For better understanding the molecular characteristics of lung cancers, several studies have involved various bioinformatic tools to comprehensively analyze the omics data based on microarray or sequencing analysis of patients. Based on the microarray datasets of three cohorts of lung cancer, a meta-analysis has been performed. There were 50 upregulated and 87 downregulated genes overlapped in three datasets, which were included in following analysis. With the protein-protein interaction (PPI) networks, 22 core genes were identified, which were all significantly associated with poor survival. Finally, KEGG pathway enrichment reanalysis screened five key genes, which exhibit a relationship with certain drugs. The identified key genes can be candidate targets for both the treatment and prognosis of lung cancer (Wang et al., 2021). With the synthetic analysis of the transcriptome sequencing dataset and a non-coding RNA sequence dataset of small-cell lung cancer, the differentially expressed genes and miRNAs can be screened. After function enrichment, the molecular mechanisms were identified with the PPI network. Finally, 19 overlapping target genes and 32 corresponding regulatory miRNAs were screened. The bioinformatics analysis involving multi-omics data can assist in exploring the roles of target genes, miRNA, and TFs, which may better understand the potential molecular pathways (Mao et al., 2019).

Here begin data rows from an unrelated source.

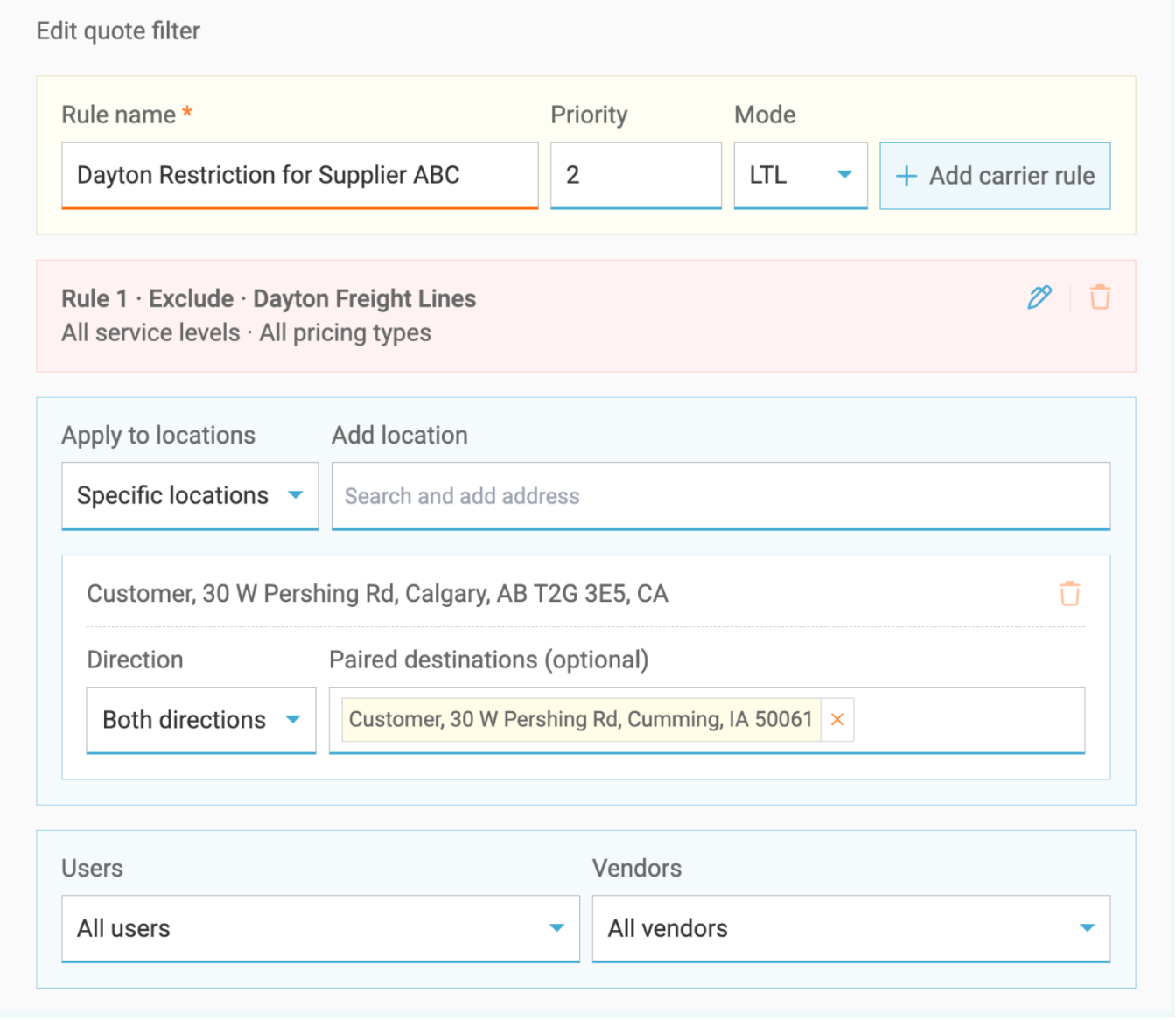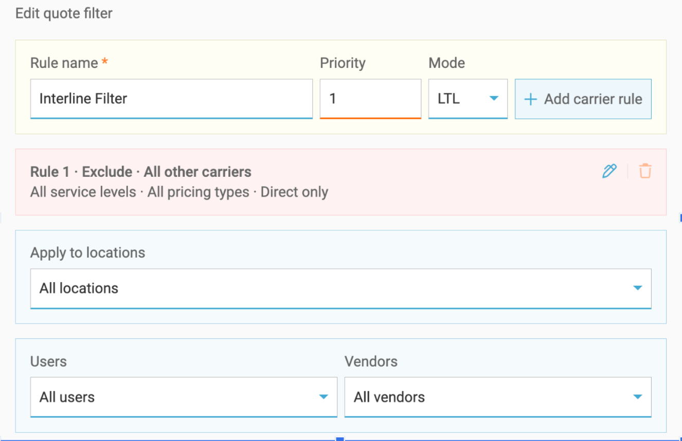 Set rules that control which carriers, service levels, and pricing types each vendor can see when quoting. Filters can be customized at the individual vendor level, so each partner only sees the options you want them to use.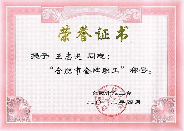 此次评选依据合肥市总工会下发《关于评选推荐合肥市五一劳动奖状、五一劳动奖章、工人先锋号、金牌职工、劳动竞赛优秀组织单位的通知》(合劳竞[2012]2号)文件精神,由各单位工会初评推荐,行业主管部门工会复审把关,报市总工会终审批准,共授予2011年度在重点企事业单位、行业技能竞赛和职工技术创新活动中获得优异成绩的200名职工“合肥市金牌职工”称号。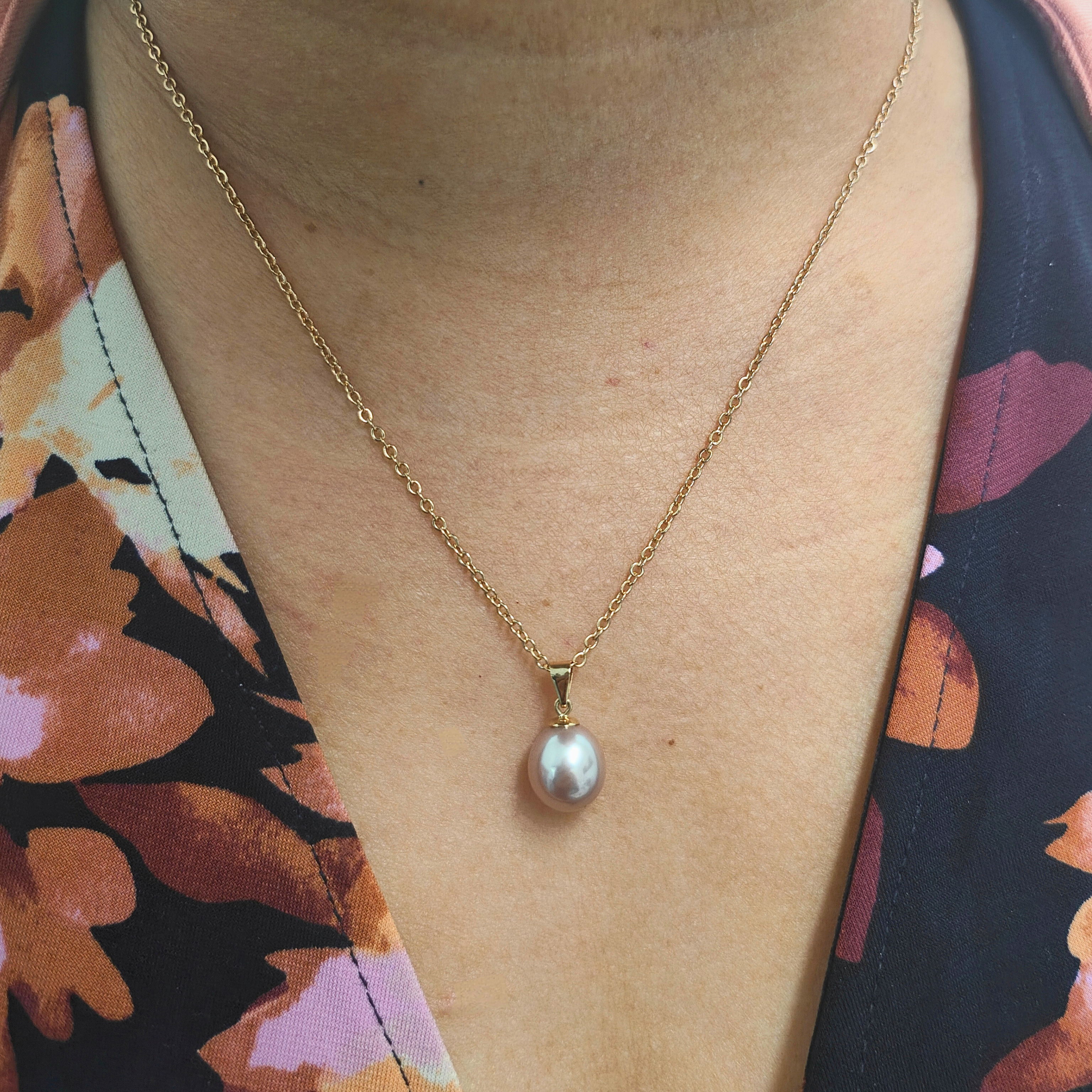 9ct Yellow Gold Pink Freshwater 10mm Pearl Pendant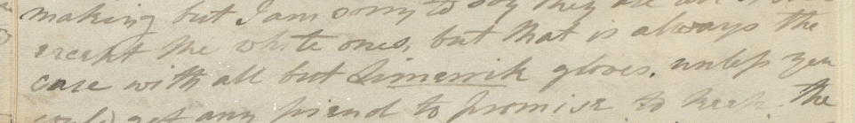 …let us have […] 6 pair for each of us of white kid gloves and 12 pairs each of the finest Limerick gloves of a light yellow colour… or instead of the Limerick some pairs of fine soft yellowish grain kid. These carry and keep best; the browns spot and spoil, sadly, and do not wear at all well in the heat.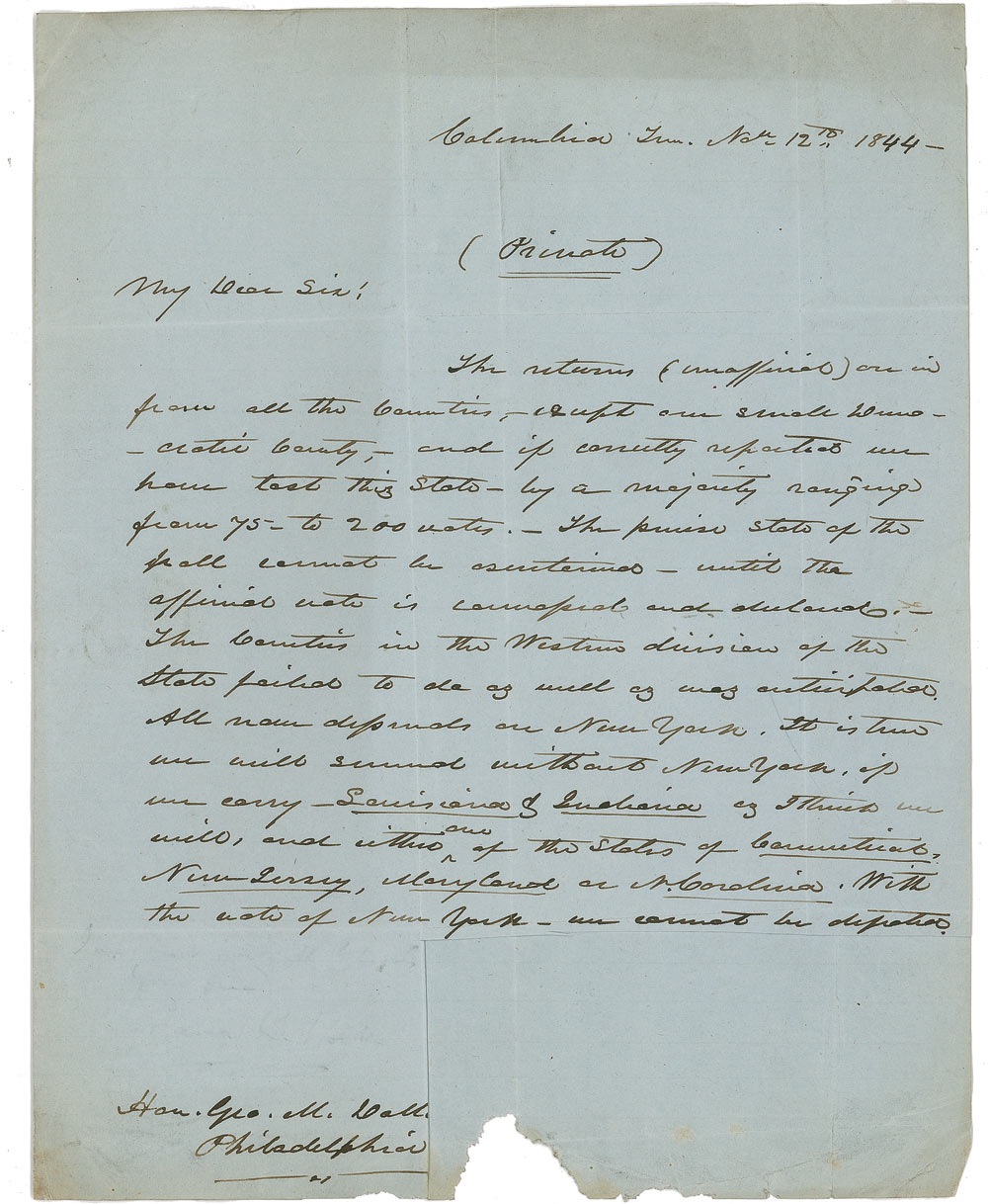 After losing his home state in the election of 1844, Polk discusses a path to victory with his Vice Presidential running mate days after the election "With the vote of New York - we cannot be defeated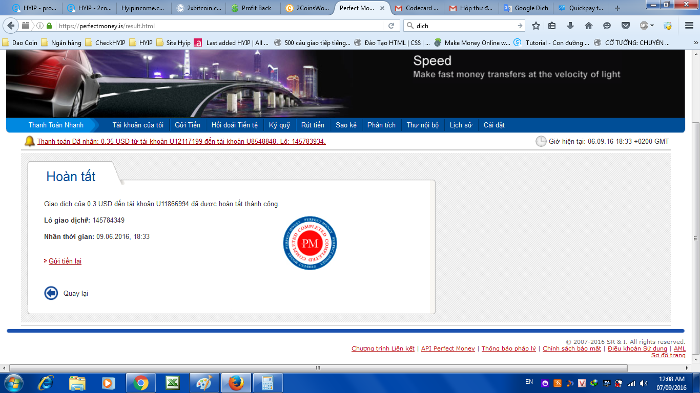 có dep tiếp ko cậu. Tối Pm mình đưa site sắp ra ngon lắm1/2: The amount of 3.15 USD has been deposited to Perfect Money account. Date: 06:09 07.09.16. Batch: 145823688.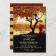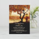 Elégante invitation de mariage avec une peinture d'arbre aux couleurs d'automne festives donnant sur un lac. Une lanterne avec une lueur chaleureuse ajoute à l'atmosphère romantique. Cette invitation a également une carte RSVP et est également disponible en taille carré.

After screening the potential candidate genes based on bioinformatics analysis, they can be further validated experimentally. A comprehensive bioinformatics analysis revealed that, the decreased expression of immunoglobulin superfamily member 10 (IGSF10) was associated with the shortened overall survival duration of patients with lung cancer. In subsequent experimental validation, IGSF10-knockout cells presented significantly increased proliferation and adhesion capability, revealed by MTT, colony formation assay, and Transwell assay, respectively. Further, Western blotting suggested that, the IGSF10-knockout can activate the integrin-β1/FAK pathway, presented as the upregulated protein expression levels of integrin-β1, phosphorylated (p)-FAK and p-AKT (Ling et al., 2020). Another study has analyzed the RNA sequencing data and revealed circXPO1, a novel circular RNA (circRNA) in LUAD. The circXPO1 was derived from a well-established cancer therapeutic target, XPO1, which was highly expressed in LUAD tissues compared with paired controls. High circXPO1 expression was correlated with worse overall survival. Mechanically, circXPO1 could bind with IGF2BP1 and enhance CTNNB1 mRNA stability, and subsequently promote LUAD progression (Huang et al., 2020). A similar study verified that circ-CAMK2A enhanced LUAD metastasis by regulating the miR-615-5p/fibronectin one pathway. Circ-CAMK2A upregulated the expression level of fibronectin one by sponging miR-615-5p, thus promoting MMP2 and MMP9 expression to stimulate the metastasis of LUAD (Du et al., 2019). In short, the combination of bioinformatics analysis and experimental verification can better clarify the significance of certain target biomarkers or promising pathways.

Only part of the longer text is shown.